### What this task involves
In the material below, the lines between the one holding "Боковая панель Veconi" and the one holding "爱奇艺遭两大机构联手做空,股价涨3.22%", inclusive, are to be set down word for word. Pictures stay out.

### Entries supplied
:::::

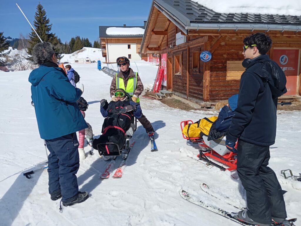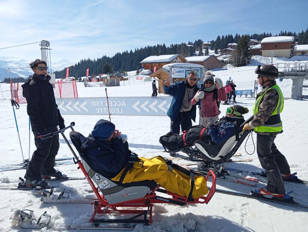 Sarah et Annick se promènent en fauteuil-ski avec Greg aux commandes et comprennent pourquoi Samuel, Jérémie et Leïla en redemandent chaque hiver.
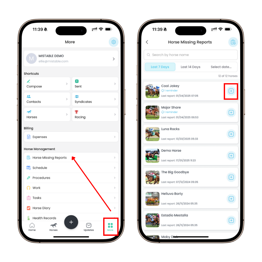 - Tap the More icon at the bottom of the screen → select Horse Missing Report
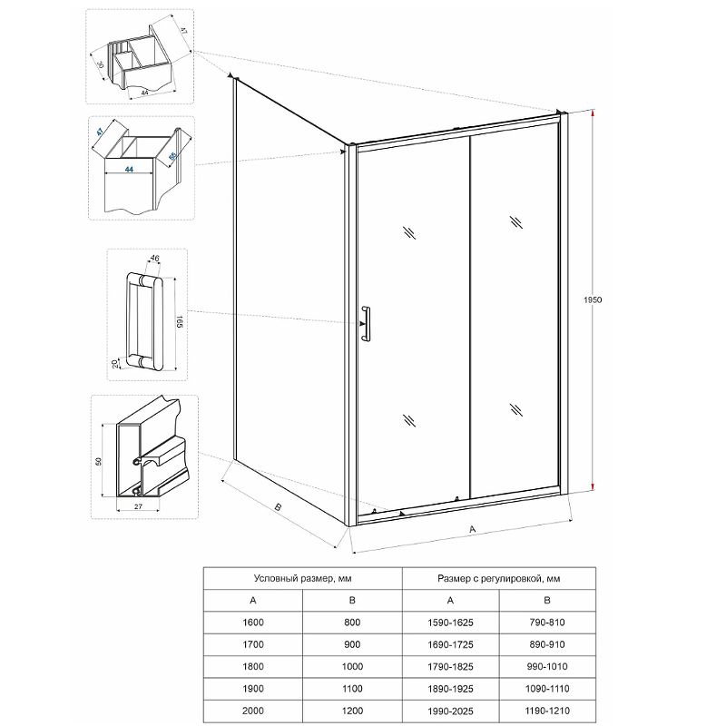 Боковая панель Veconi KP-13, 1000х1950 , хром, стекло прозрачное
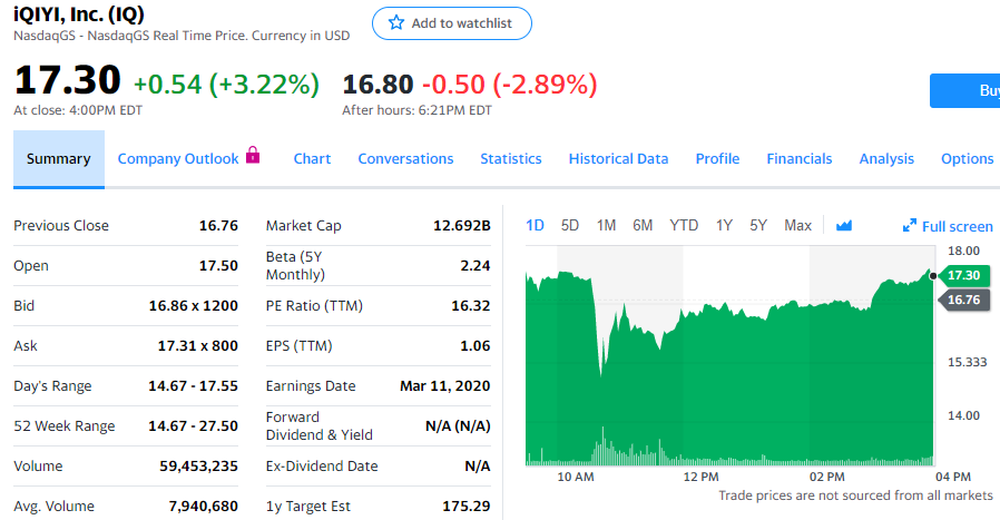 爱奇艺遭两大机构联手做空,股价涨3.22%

:::::

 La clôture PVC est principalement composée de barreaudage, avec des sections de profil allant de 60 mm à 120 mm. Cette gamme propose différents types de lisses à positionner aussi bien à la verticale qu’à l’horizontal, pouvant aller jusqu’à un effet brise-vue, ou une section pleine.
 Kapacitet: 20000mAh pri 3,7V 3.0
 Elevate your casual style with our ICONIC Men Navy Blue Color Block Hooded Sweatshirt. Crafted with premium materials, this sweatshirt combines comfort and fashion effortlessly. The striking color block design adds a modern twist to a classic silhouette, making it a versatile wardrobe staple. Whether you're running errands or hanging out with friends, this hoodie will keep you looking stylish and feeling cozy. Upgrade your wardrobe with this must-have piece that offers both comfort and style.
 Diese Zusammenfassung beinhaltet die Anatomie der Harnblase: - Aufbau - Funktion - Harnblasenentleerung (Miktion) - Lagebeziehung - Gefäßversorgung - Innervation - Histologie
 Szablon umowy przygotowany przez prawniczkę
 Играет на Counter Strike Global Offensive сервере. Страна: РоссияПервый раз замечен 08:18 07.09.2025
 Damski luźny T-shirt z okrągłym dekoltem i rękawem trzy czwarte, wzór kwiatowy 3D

:::::

### Reply to the task
 Боковая панель Veconi KP-13, 1000х1950 , хром, стекло прозрачное
 爱奇艺遭两大机构联手做空,股价涨3.22%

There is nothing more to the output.